Different roles of miR-10a have been reported in different types of cancers [17, 19]. For instance, miR-10a was overexpressed in oral squamous cell carcinoma and promotes glucose metabolism in cancer cells by regulating glucose transporter 1 the expression [19]. In contrast, miR-10a is downregulated in colorectal cancer and suppresses epithelial-to-mesenchymal transition [19]. It has been reported that miR-10a is upregulated in OS [20], while its functions in OS remain unclear. Consistently, our study observed miR-10a upregulation in OS and its enhancing effects on OS cell proliferation, invasion, and migration. Therefore, miR-10a might play an oncogenic role in OS by promoting cancer cell proliferation.

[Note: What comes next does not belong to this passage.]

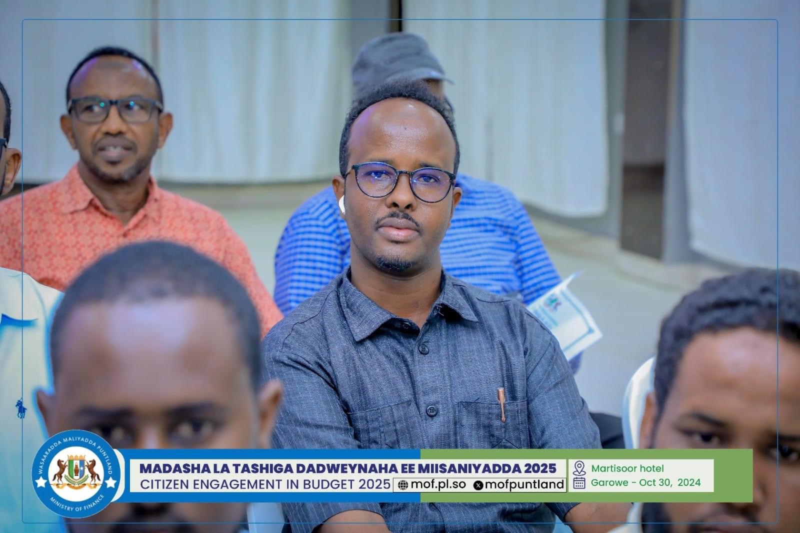 GAROOWE – Madasha la latashiga Dadwayanaha ee Miisaaniyadda Dowladda Puntland  2025 ayaa ka furmay hoolka shirarka ee Martisoor Hotel Garoowe.
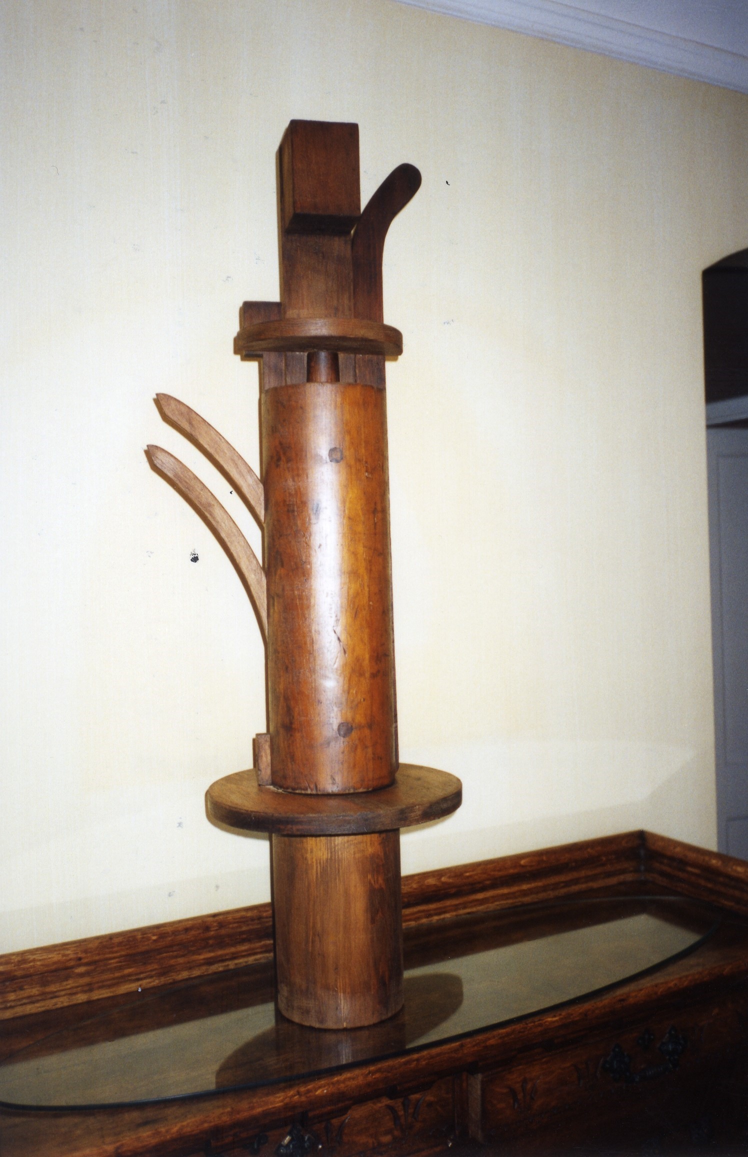Materials and Techniques: Wooden cogs, wood hangers, assorted wooden forms

Glaich et al. reported that DNA methylation directly affects miRNA biogenesis. It is unknown whether lncRNA could regulate miRNA methylation. The key finding of the present study is that PCED1B-AS1 silencing downregulates miR-10a via methylation. However, methylation factors involved in this process remain to be further analyzed. Previous studies have shown that lncRNAs may interact with DNA methyltransferase [21]. For instance, HOTAIR upregulates DNA methyltransferases in hepatocellular carcinoma to epigenetically suppressed miR-122 [21]. In another study, PVT1 could recruit DNMT1 through EZH2 to miR-18b-5p gene promoter, thereby suppressing gene expression through methylation [22]. Future studies may focus on the potential interaction between PCED1B-AS1 and these methylation factors. It is unknown whether PCED1B-AS1 directly interacts with methylation factors to regulate miR-10a RNA gene via methylation or other mediators. In addition, we only observed the positive correlation between PCED1B-AS1 and miR-10a across OS tissue samples, but not non-tumor tissue samples. Therefore, the interaction between PCED1B-AS1 and miR-10a is likely mediated by certain pathological factors.

Our data illustrated that PCED1B-AS1 silencing is likely a promising target to treat OS by negatively regulating multiple cancer cell behaviors. However, this study failed to analyze the diagnostic and prognostic values of PCED1B-AS1 for OS, especially its potential role in the early diagnosis of OS. Moreover, no in vivo experiment was performed to validate the interaction between PCED1B-AS1 and miR-10a. Future studies are still needed. With the increased understanding of the roles of non-coding RNAs in musculoskeletal conditions, novel diagnostic biomarkers and therapeutic approaches are expected to be developed [23,24,25,26].

Conclusions

PCED1B-AS1 and miR-10a are both upregulated in OS. PCED1B-AS1 siRNA silencing might serve as a potential target for the treatment of OS by suppressing OS cell proliferation. The function of PCED1B-AS1 in OS is likely mediated by regulating miR-10a through methylation.